Вернувшись в казарму, я лег на свою жёсткую койку и закрыл глаза. Я ни о чём не думаю, просто собираюсь с мыслями. Вдруг один щуплый парнишка с гнусавым голосом и большими глазами пригласил нас всех присоединиться к нему. Я открыл глаза и увидел на его коленях большой, даже огромный свёрток, полный пирожков и булочек. Они явно не самые свежие, но запах от них исходил изумительный. У меня потекли слюни.

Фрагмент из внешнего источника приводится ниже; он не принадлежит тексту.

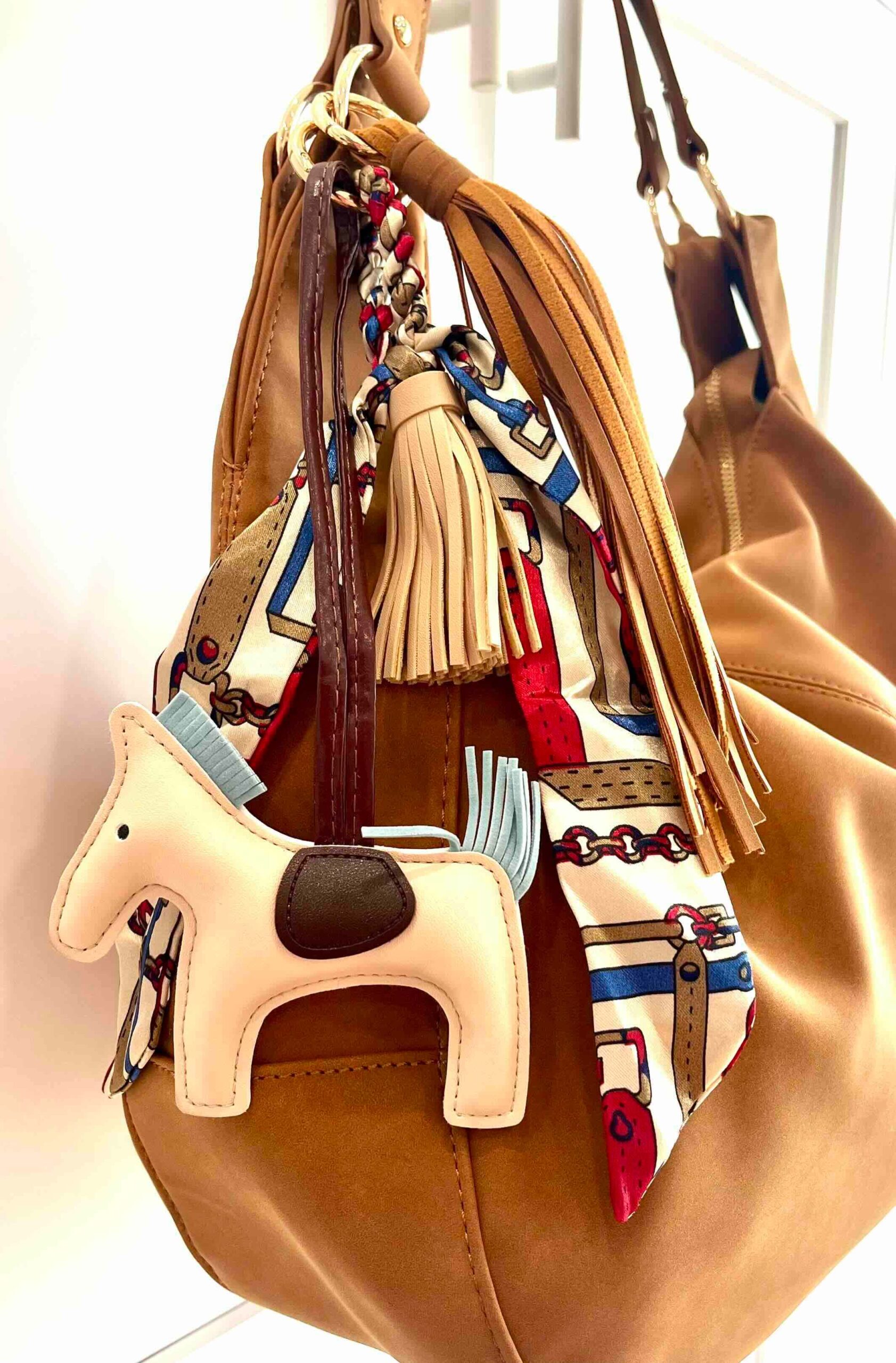 The Sandpiper offers ample space for your essentials while the elegant tassel adds a chic finishing touch. The interior is fully lined and features two open pockets, as well as a zippered pocket. Don’t miss out on a versatile accessory that effortlessly elevates any outfit. Samantha has chosen to add the horse charm & scarf to elevate the bag to the next level. All tassels are easily removable.

Мне, так же, как и всем, хотелось полакомиться этими сочными пирожками, но никто не спешил протянуть руку. Парень пригласил всех ещё раз: «Налейте же, ну! Мне мамка в дорогу нажарила, а я поделиться хочу!» И он протянул один пирожок сидящему на соседней койке, то есть, мне. Я несмело взял и тихо поблагодарил его.

Остальные тоже стали брать сдобные вкусности у щедрого парня, а я наслаждался вкусом, запахом, как будто бы очень давно не ел нормальной еды. Мне вспомнилось воскресение.

Каждое воскресение в нашей семье было принято что-нибудь печь всей семьёй. То пироги, то булочки, то ватрушки были на нашем столе. Всегда в них был какой-то особенный вкус, вкус приготовленных с любовью и нежностью, вкус домашних пирогов.

Я остро ощутил, как мне не хватает моей семьи, моих девочек. Как там они отметили день рождения Леночки, пекли ли что-нибудь в это воскресение? Поскорей бы они ответили на моё письмо.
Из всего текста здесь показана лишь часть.